_Task:_ Go through the listing below and output exactly the line with "River Mirna, near Kotli, Croatia", the line with "Former Benedictine monastery", and each line between; omit the rest.

*** Records provided Section Begins ***

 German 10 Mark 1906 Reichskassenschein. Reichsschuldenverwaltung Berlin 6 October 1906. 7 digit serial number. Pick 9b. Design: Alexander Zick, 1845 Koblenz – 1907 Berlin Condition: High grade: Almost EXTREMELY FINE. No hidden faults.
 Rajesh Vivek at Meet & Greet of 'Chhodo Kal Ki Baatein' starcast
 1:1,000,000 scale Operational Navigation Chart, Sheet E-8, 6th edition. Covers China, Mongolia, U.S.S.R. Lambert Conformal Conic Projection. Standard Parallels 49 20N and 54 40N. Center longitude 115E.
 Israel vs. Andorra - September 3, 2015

*** Records provided Section Ends ***
*** Records provided Section Begins ***

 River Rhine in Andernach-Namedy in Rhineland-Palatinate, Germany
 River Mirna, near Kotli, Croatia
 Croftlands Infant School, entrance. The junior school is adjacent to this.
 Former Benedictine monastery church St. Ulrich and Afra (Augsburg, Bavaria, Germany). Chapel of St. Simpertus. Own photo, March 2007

*** Records provided Section Ends ***

_Finished exercise:_
 River Mirna, near Kotli, Croatia
 Croftlands Infant School, entrance. The junior school is adjacent to this.
 Former Benedictine monastery church St. Ulrich and Afra (Augsburg, Bavaria, Germany). Chapel of St. Simpertus. Own photo, March 2007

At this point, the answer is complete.